*PROBLEM STATEMENT*: From the records below, set down exactly the lines starting with the line that contains "采用壓汞儀對(duì)水化3d、28 d 的1" and going on through the line that contains "- жвалы (мандибулы)". Nothing else is wanted.

*RECORDS FOR PROCESSING*:

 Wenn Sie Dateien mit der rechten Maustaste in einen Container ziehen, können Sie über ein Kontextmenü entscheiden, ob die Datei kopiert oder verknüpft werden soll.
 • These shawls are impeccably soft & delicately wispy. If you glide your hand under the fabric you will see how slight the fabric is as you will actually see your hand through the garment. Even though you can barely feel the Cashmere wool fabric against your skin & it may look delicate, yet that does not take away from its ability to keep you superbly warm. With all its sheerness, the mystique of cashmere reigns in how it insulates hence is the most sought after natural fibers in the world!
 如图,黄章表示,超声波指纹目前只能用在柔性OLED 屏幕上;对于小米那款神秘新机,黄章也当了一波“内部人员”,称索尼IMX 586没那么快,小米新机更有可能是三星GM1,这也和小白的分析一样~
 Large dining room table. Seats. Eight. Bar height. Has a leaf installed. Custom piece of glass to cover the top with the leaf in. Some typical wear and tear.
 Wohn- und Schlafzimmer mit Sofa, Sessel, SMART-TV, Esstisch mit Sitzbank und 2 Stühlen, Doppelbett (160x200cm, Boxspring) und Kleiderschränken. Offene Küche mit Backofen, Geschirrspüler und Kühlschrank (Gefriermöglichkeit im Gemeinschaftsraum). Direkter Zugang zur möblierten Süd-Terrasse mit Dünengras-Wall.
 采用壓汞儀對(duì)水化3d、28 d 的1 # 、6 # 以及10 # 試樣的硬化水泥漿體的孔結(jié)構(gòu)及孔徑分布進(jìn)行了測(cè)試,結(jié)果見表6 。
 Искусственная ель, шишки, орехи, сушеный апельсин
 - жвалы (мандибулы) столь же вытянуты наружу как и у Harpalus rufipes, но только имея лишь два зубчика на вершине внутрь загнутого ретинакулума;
--
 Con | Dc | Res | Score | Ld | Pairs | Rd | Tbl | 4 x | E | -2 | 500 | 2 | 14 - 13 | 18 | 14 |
...
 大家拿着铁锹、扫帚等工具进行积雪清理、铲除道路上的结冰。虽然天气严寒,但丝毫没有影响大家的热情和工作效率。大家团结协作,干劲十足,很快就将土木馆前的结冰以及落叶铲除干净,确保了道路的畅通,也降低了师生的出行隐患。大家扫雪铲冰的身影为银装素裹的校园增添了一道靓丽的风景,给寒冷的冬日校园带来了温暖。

*TASK SOLUTION*:
 采用壓汞儀對(duì)水化3d、28 d 的1 # 、6 # 以及10 # 試樣的硬化水泥漿體的孔結(jié)構(gòu)及孔徑分布進(jìn)行了測(cè)試,結(jié)果見表6 。
 Искусственная ель, шишки, орехи, сушеный апельсин
 - жвалы (мандибулы) столь же вытянуты наружу как и у Harpalus rufipes, но только имея лишь два зубчика на вершине внутрь загнутого ретинакулума;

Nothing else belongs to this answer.